Despite its growing popularity, challenges remain and there is a genuine threat that investors lose heart amid growing signs of greenwashing, complicated regulatory upgrades, and less than stellar returns. As the market and motivations continue to mature, should investors be more optimistic for the future of sustainable investing?
“Sustainability is now mainstream and that is totally new,” said Lea Dunand-Chatelet, portfolio manager and head of responsible investment at Paris-based DNCA Investments. “What is going to be the challenge is graduation.”
Lea was speaking at a sustainable investing panel during the recent Natixis Thought Leadership Summit in Paris, where she explained how the challenge was now moving beyond simply introducing – and justifying – the concept of sustainable investment.

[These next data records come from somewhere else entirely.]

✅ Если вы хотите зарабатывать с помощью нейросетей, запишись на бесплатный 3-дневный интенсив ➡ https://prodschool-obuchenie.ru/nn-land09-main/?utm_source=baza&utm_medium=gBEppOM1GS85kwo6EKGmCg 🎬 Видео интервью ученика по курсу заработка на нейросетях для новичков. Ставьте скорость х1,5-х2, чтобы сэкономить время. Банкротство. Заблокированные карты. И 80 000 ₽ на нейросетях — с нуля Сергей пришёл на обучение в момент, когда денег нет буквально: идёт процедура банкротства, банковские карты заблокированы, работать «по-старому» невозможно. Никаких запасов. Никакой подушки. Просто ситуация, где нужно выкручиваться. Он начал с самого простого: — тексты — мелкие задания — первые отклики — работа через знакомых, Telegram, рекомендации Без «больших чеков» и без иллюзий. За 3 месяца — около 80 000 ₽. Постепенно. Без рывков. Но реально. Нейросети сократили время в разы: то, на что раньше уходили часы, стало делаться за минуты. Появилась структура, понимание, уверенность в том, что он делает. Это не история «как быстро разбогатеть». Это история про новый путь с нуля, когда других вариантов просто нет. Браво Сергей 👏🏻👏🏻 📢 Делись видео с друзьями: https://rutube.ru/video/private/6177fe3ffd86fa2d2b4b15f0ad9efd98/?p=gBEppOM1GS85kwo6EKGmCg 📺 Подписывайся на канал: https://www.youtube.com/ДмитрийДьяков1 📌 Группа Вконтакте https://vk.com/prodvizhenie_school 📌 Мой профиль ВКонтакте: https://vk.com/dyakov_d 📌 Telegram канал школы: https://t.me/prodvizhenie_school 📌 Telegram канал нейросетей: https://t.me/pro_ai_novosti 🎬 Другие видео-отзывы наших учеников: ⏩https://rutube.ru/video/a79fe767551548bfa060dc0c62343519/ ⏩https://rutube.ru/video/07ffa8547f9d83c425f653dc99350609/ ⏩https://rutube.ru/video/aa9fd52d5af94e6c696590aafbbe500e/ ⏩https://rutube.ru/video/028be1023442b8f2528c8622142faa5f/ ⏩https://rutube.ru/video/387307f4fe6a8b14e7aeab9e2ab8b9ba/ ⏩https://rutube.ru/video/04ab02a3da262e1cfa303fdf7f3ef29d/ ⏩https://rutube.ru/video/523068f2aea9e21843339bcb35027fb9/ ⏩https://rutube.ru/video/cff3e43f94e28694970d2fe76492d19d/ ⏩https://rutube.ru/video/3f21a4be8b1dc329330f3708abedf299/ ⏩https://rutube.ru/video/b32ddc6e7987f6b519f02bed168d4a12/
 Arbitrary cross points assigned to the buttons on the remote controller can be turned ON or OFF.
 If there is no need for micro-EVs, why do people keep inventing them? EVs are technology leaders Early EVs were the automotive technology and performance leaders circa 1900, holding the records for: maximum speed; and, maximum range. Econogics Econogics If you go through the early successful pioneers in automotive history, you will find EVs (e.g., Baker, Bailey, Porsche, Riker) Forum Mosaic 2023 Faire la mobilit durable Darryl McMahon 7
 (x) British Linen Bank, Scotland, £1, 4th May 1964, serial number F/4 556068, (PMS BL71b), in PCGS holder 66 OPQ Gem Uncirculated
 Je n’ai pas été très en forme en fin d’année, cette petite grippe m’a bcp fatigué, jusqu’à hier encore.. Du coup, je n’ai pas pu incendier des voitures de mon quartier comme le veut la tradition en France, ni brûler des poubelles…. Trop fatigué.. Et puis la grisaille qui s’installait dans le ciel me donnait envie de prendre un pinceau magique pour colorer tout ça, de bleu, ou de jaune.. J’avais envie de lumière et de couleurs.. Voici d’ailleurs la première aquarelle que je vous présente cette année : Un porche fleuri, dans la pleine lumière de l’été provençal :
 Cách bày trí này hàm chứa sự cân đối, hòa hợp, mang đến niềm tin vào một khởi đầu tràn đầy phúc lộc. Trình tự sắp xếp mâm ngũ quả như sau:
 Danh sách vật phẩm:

Instead, the conversation is becoming more sophisticated. Lea continued: “The reality is you have different types of investments and you have to compete with that – you can have products that do not have any ESG integration, and then those that make a real impact. There is a wide space between these.”
This is evident in the way ESG is being interpreted, and integrated, differently throughout the asset management industry. It has also coincided with a broader range of issues coming to prominence which fellow panellist, Karen Kharmandarian, CIO at Thematics Asset Management, believes adds another layer of complexity for investors.
“We have a broader scope of issues that are targeted in the environmental space and on the social side we are also seeing that evolution as well,” said Karen. “The goalposts are always moving, and rapidly moving. The most important thing is we do not lose sight of the duty to our clients.”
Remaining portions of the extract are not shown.